If and when private buyers also begin to purge treasuries, the fallout will be severe, and the financial stability of average Americans could be at stake.
Biggest Liquidation of U.S. Debt in Years
What we’re witnessing could be the largest sell-off of U.S. debt in recent history, and it’s happening with “unprecedented” speed. China, Saudi Arabia, and several other nations are rapidly dumping treasuries, and the impact could put the American public at risk.

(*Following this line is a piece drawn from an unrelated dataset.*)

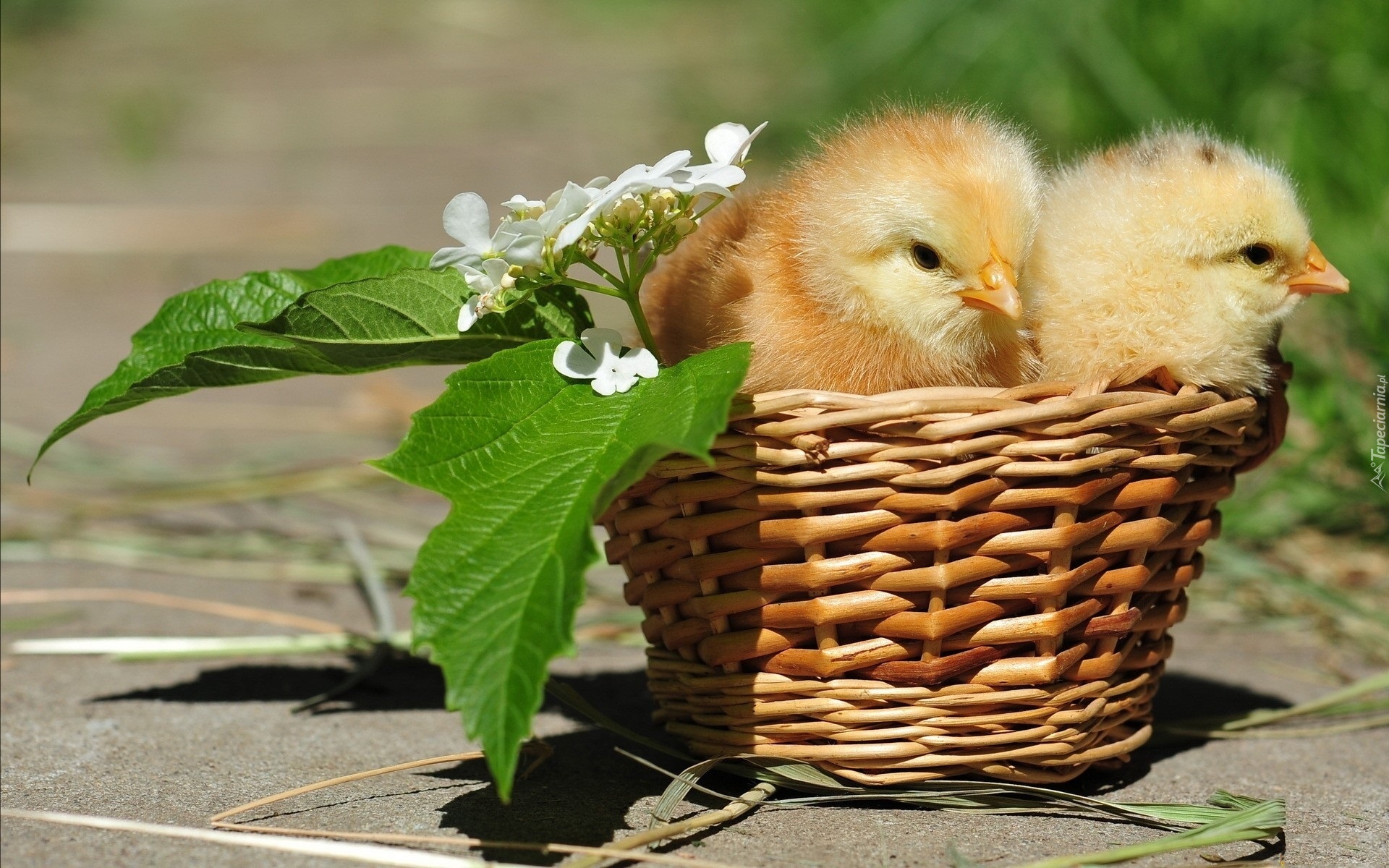 Edytor tapety: Koszyk, Kurczaczki, Kwiat

The reason for this spike of selling lies in the urgent need for countries like China and Saudi Arabia to offset global downward pressure. China probably wants to use these treasury liquidations to prop up growth and show strength to the rest of the world – despite its own economic slowdown. While Saudi Arabia is probably searching for a way to mitigate its issues from the ongoing oil slump.
But in an effort to move their own agendas forward, these countries could be setting the U.S. up for trouble.
Private buyers and smaller nations are currently the only parties keeping the U.S. Treasury situation from degrading further. But if they decide to follow the lead of countries like China and Saudi Arabia, it could be a serious problem.
At that point, the Federal Reserve would be forced to step in with further quantitative easing (printing money and artificially lowering rates) to keep the economy afloat. And as we’ve already seen time and time again, that strategy only prolongs the inevitable: a major recession and stock market correction.
Could This Trigger the Next Recession?
Speaking of recessions, it’s worth noting that the U.S. is long overdue for one, and this could be one of the catalysts that finally brings the next one about.
Robert Romano explains:
“…these movements of U.S. treasuries, a safe haven asset for the West and surplus reserve for the East, tells us basically two things: 1) surpluses for exporters are not what they used to be, indicating the global economic slowdown is still ongoing and that the drop in the price of oil is hurting oil exporters; and 2) the West is bulking up on safe haven assets, probably in preparation for the forthcoming recession that is now overdue. The U.S. averages a recession every 6 to 7 years, and the last one we had was in 2009.”
Americans with a keen eye on the market will likely take this as a cue to start preparing for the next downturn, and consider using precious metals to do so.
This gives us two good reasons why today could be one of the best times to reevaluate your strategy and incorporate gold accordingly: 1) An increase in both gold buyers and global uncertainty as a result of what’s happening right now in the U.S. Treasury market could drive gold prices upward, and 2) when the next perennial recession does arrive, it will position gold and other precious metal prices to rise even further.